As I said, the Large Renewable Procurement process in Ontario had requirements with respect to engagement with neighbouring communities. Once approved through the request-for-quotes stage, a list of qualified proponents was made public so communities can have some certainty that the proponents are viable partners. However, the feedback received from communities during my time at Independent Electricity System Operator found that although the request-for-proposal process was six to eight months long, many communities reported that they were bombarded with requests to partner in the four-week period before the deadline. 

2. Build capacity and ready Indigenous communities for partnership

I heard from many communities that they were not equipped to respond to requests to partner in the timelines the proponents required. While we can continue to assert that proponents must take time to build meaningful relationships, this is extremely difficult to enforce. So how do we better prepare communities for what is coming? We need to ensure early engagement on energy and infrastructure planning and potential projects so that communities are as informed as the potential proponents—or, even better, that they become the proponent. 

Indigenous Peoples have been stewards of the environment since time immemorial. The interconnectivity among Indigenous communities, their cultures, and ways of life with the land are reflected in laws and constitute the basis for Indigenous rights as well as responsibilities. Indigenous environmental values, their consideration of the impact on water and treaty rights, and adherence to natural laws are strikingly different than most potential partners. We often say this, but I do not think developers really grasp just how different these concepts are for Indigenous Peoples. For example, what non-Indigenous corporation considers how a project or decision will impact their seventh generation—that is, the impact on descendants that are going to be born in 2215? These impacts take time to consider and evaluate. Decisions are particularly difficult with the introduction of new technologies without historical precedent, such as nuclear waste disposal. If we can resource communities to advance this work, then we are better enabling them to make good decisions for our future when a project becomes a reality.

Additionally, communities have said that they require the necessary support to respond and participate in the conversations necessary to enter into equity projects. Such support might include funding for a full-time energy worker in the community, for legal and financial fees to evaluate financial and ownership models, or for community engagement plans or community governance. 

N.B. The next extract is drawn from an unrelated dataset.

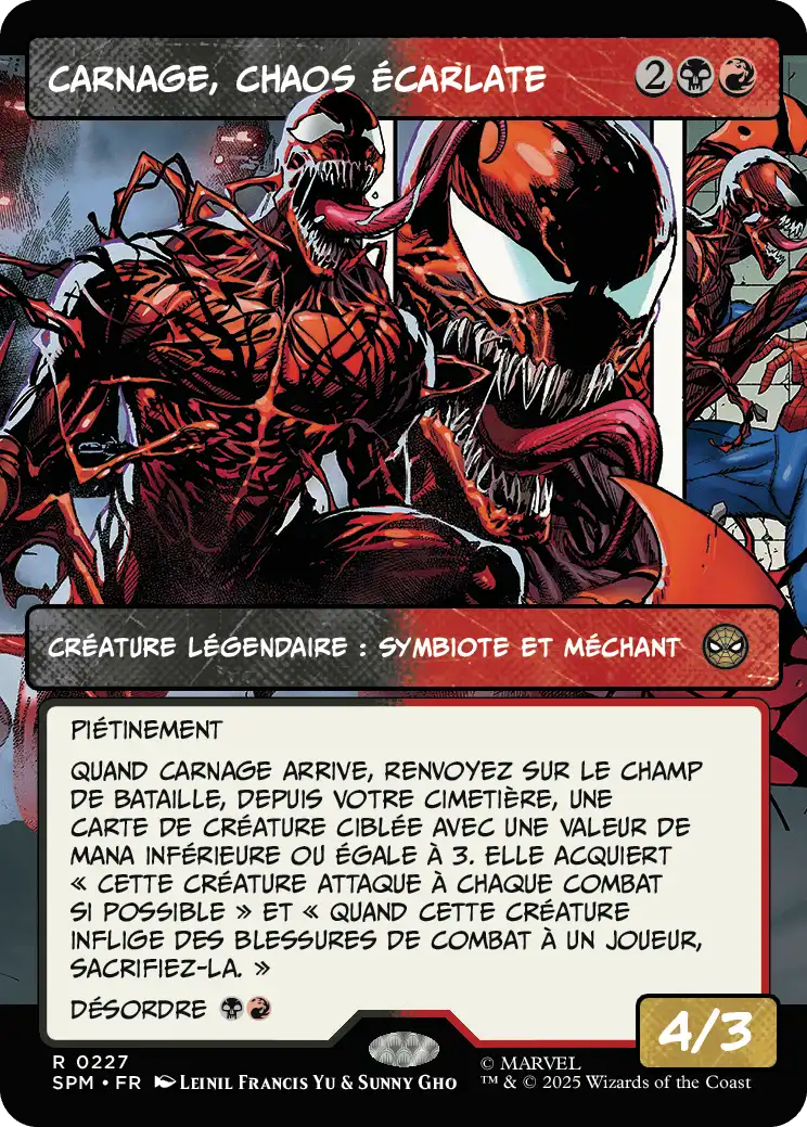 Quand Carnage arrive, renvoyez sur le champ de bataille, depuis votre cimetière, une carte de créature ciblée avec une valeur de mana inférieure ou égale à . Elle acquiert "Cette créature attaque à chaque combat si possible" et "Quand cette créature inflige des blessures de combat à un joueur, sacrifiez-la."

3. Do not be afraid to ask questions

I know sometimes, particularly with Indigenous communities or Indigenous issues, people are worried about saying the wrong thing or asking the wrong question for fear of causing offence, but that has only served to stall conversation, our collective learning, and the country’s progress. Now more than ever, we need to ensure we keep the conversation going 

One final consideration: Indigenous people are not one-dimensional. We are not just protestors or just environmentalists; we are artists and engineers and doctors and lawyers. We have been entrepreneurs and business leaders since before Confederation, trading and negotiating, and moving products from nation to nation. We will continue to do so with the needs and well-being of the next seven generations in mind.

Chi Miigwetch

Tabatha Bull is an Anishnaabe Kwe from Nipissing First Nation. As President and CEO of the Canadian Council for Aboriginal Business she is committed to help rebuild and strengthen the path toward reconciliation and a prosperous Indigenous economy to benefit all Canadians. An electrical engineer, Tabatha informs Canada’s energy sector by participating on the boards of Ontario’s electricity system operator IESO, the Positive Energy Advisory Council, the MARS Energy Advisory Council, and the C.D. Howe Institute’s Energy Policy program.